Collected data entries
********
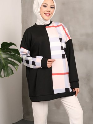 İmajbutik Siyah Ön Kol Çizgili Scuba Sweatshirt
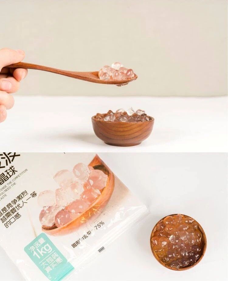 与珍珠不同的是,寒天和脆啵啵大多都是开袋即食,是真正意义上的免煮~倒入茶汤即可食用。
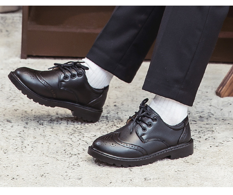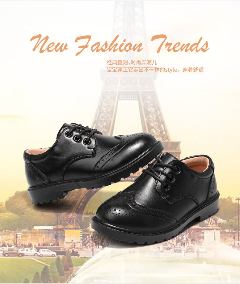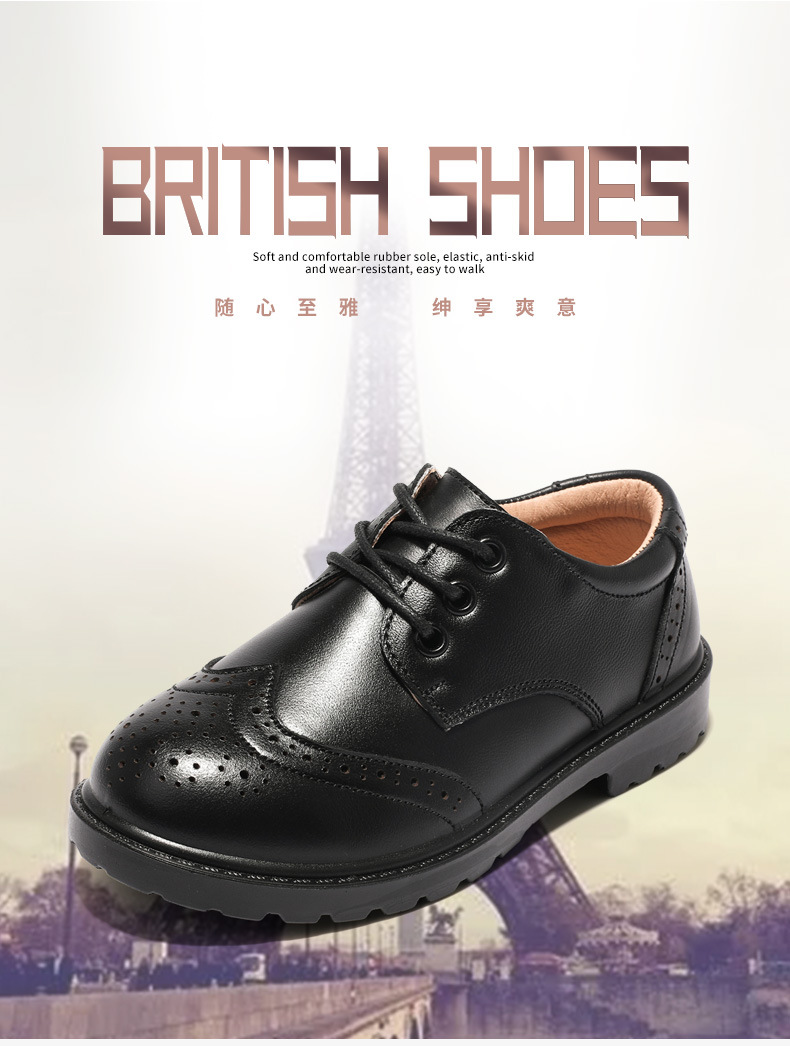 子供の革靴学院の柔らかい底の中の大きい子供の新型の春秋は黒色の小さい男の子の英倫の夏の学生の男の子の靴を演出します。
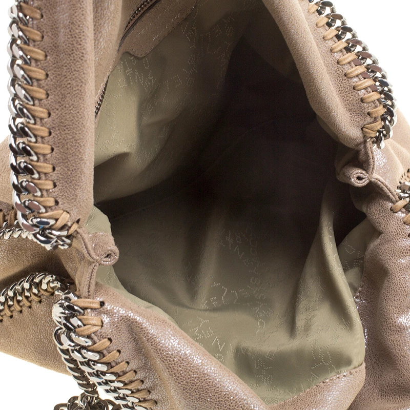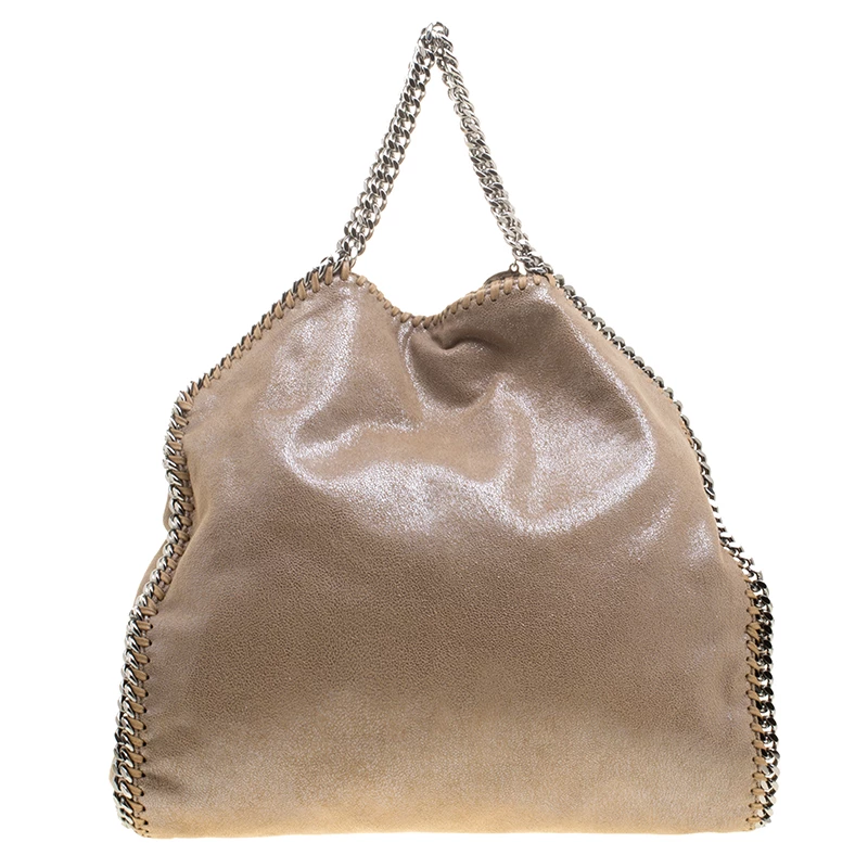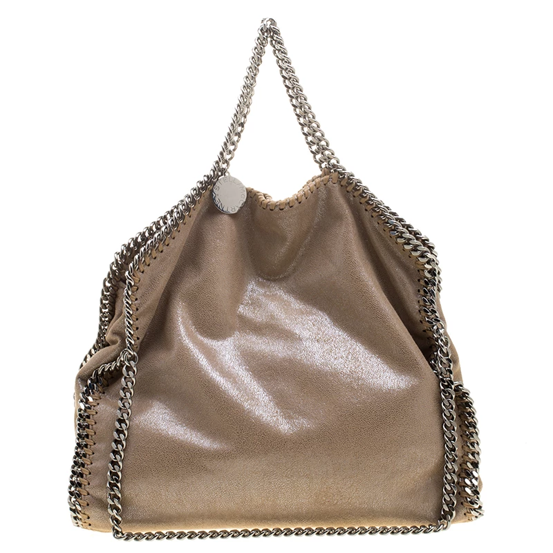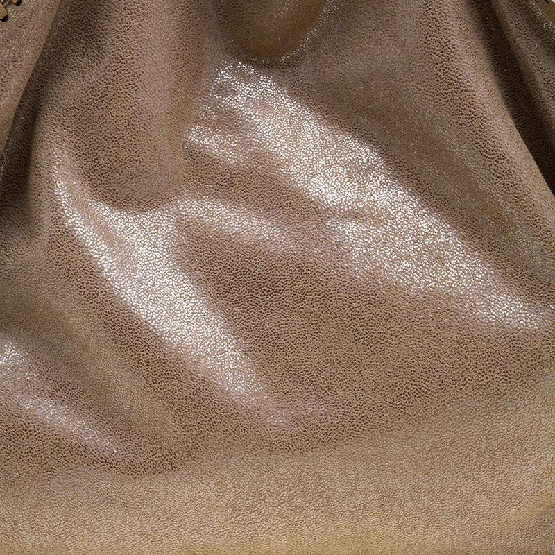 Stella McCartney is known for her chic designs and this Falabella tote perfectly embodies this trait. Crafted in Italy from beige faux leather, this tote has a smooth metallic exterior and black tone chain details at its contours and as handles. This bag can be carried with your everyday outfits.
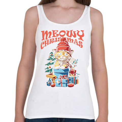 1 kép PRINTFASHION Karácsonyi cica - Női atléta - Fehér
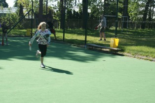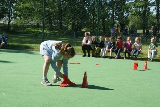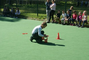 Pozostali uczniowie z klas IV-VII na boisku szkolnym zmagali się z pokonaniem sprawnościowych torów przeszkód:
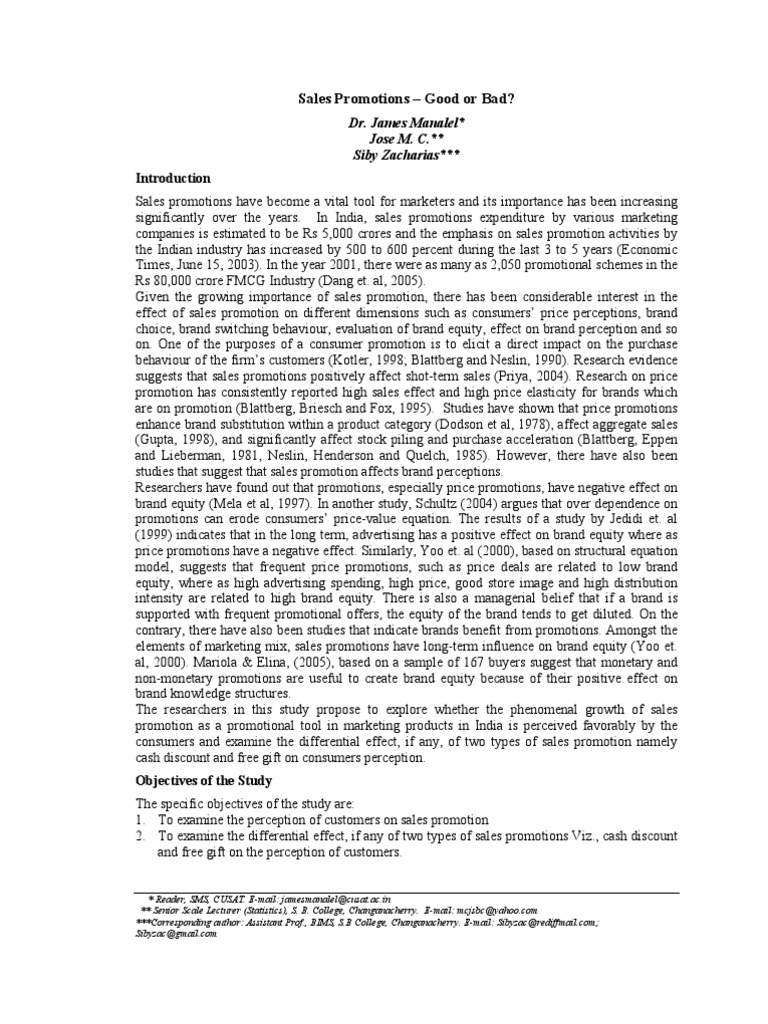 The study finds ample evidence to conclude sales promotion schemes are not perceived favorably
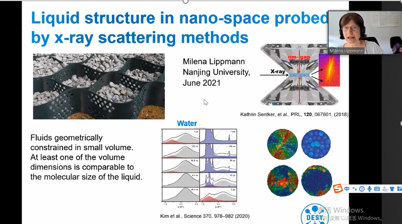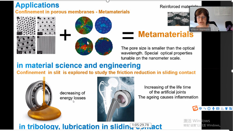 应力学中心王单讲师的邀请,德国Deutsches Elektronen-Synchrotron (DESY )研究所化学实验室负责人Milena Lipmmann教授于2021年6月10日做了题为“Liquid structure in nano-space probed by x-ray scattering methods”的学术报告。报告介绍了如何用X射线研究纳米级受限空间中的液体分布形态,分子结构等,以及在超材料、拓扑摩擦学、生物医疗等领域中的应用。Milena从实验的角度介绍了液体在受限空间中的相分布,表面效应及动力学特性,以及目前搭建的可压缩至纳米尺度受限空间实验装置的相关研究成果。她介绍了以钻石为基底,将水、四氯化碳、TMS等液体压缩至纳米尺度的空间中,用X射线散射观察到了明显的分子分层排列现象,以及接近表面的液体分子呈现取向性排列。此外,Milena还和与会人员讨论了相关学术问题,精彩的报告也为公司相关科学工作提供了借鉴作用。
********
About this task — Reproduce, exactly and only, the lines of the records above starting at the line with "1 kép PRINTFASHION" and ending at the line with "The study finds", both included. Leave every picture out.

Result of the task —
 1 kép PRINTFASHION Karácsonyi cica - Női atléta - Fehér
 Pozostali uczniowie z klas IV-VII na boisku szkolnym zmagali się z pokonaniem sprawnościowych torów przeszkód:
 The study finds ample evidence to conclude sales promotion schemes are not perceived favorably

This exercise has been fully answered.